In this atmosphere, initiatives like creating a “deportation force” to round up millions of undocumented immigrants; placing a “temporary but total and complete ban” on any Muslim from entering the country; legislating “some kind of punishment’ for women who undergo abortions; “tightening” control of the media, especially the press; and restricting freedom of expression by “opening” legislation regarding libel, slander, and defamation lawsuits are all distinct possibilities. None of those are far-fetched or paranoid fantasies; each of those initiatives has been promised by the Republican candidate, and each enjoys broad support among Republican voters.
From there it isn’t any kind of leap of the imagination to take Trump at his word and expect him to use – or abuse – his authority to “lock her up”; to put his rival candidate in prison, despite her having been cleared of any criminality in every one of the countless investigations to which the Republicans have subjected Hillary Clinton. That specific initiative doesn’t just have the support of Donald Trump’s base; it is one of their primary rallying points. Trump’s supporters will not just approve of incarcerating Clinton; they will demand it.
This deeply disturbing exercise could be extended to imagine the next generation and more if Trump were to succeed in his bid for the White House, we could continue to envision the dystopia that those who claim to want to “shake things up” would wreak upon the US and the world. But let’s just stop here and look at the United States as we have imagined it would be in the short to medium term after a Trump win in November.

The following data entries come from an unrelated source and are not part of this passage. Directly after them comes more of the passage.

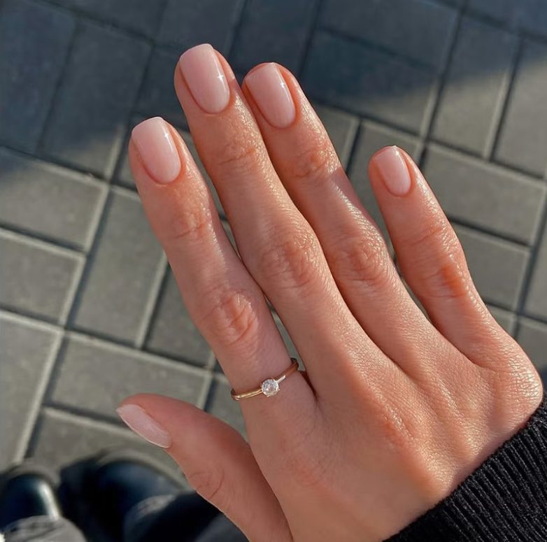 Самый чистый и простой вариант — полупрозрачный молочный оттенок без дизайна. Он создает эффект ухоженных, здоровых ногтей, будто цвет идет изнутри. «Такой маникюр подходит под любой гардероб, длину и форму, не конфликтует с украшениями и всегда выглядит уместно — даже при самом строгом дресс-коде», — объясняет мастер маникюра.
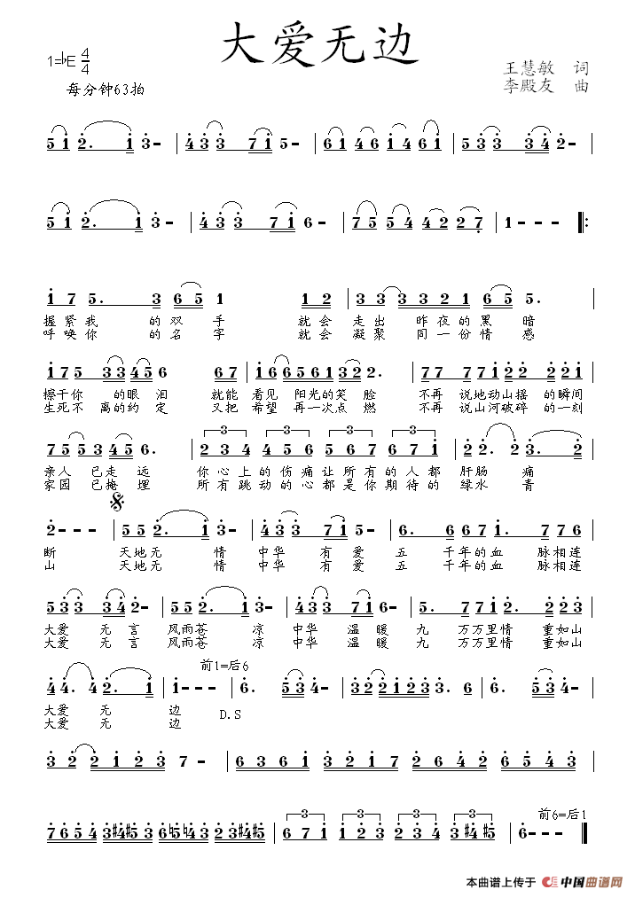 致谢:《中国曲谱网》衷心感谢作者老师馈赠原版歌谱!
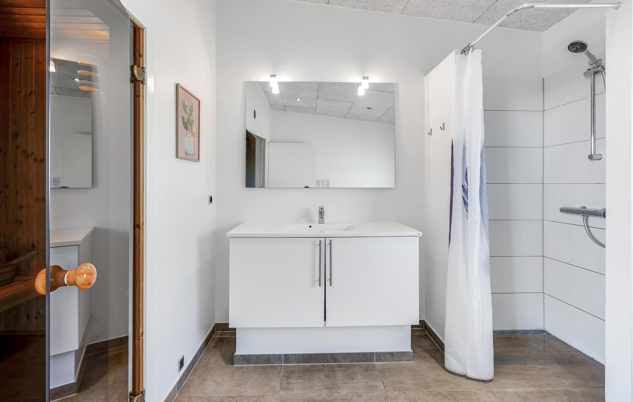 Dette rummelige sommerhus ligger i et område med en dejlig sandstrand og byder på mange aktivitetsmuligheder. Her findes nemlig et aktivitetsrum med mulighed for at vise jeres færdigheder i bordtennis, pool og bordfodbold. Bagefter kan I slappe af i det dejlige to-personers spabad eller nyde varmen fra den knitrende brændeovn. Soveværelserne er placeret, så de ikke ligger op mod hinanden. Udenfor finder I et udespa til 6 personer, hvor I kan nyde skøn ferieafslapning i det fri.

A country in financial crisis, riddled with civil unrest; race riots being quelled by increasingly militaristic domestic police; civil rights suspended; executive power maximised and centralised without congressional or Supreme Court restraint; political opponents jailed without due process; habeas corpus suspended or not applicable to certain religious groups. This is a picture of the world’s largest banana republic. This is a vision of the end of the United States as we know it. This may well be what the US looks like just before its balkanisation as one state – or group of states – after another simply opts out of the union and refuses to accept the legitimacy of federal authority.
Can’t happen in the US? Of course it can. It has happened throughout history to empires and regimes that had been around a lot longer than the US has. It is currently the state of affairs in Putin’s Russia, and there are plenty of tin-pot populist wannabes in countries all over the world just waiting in the wings with ambitions and egos similar to Trump’s. A Trump presidency must be guarded against; it must not happen. If it should come to pass, all bets are off. Except this: The United States will not be a place rational and moral people would want to be.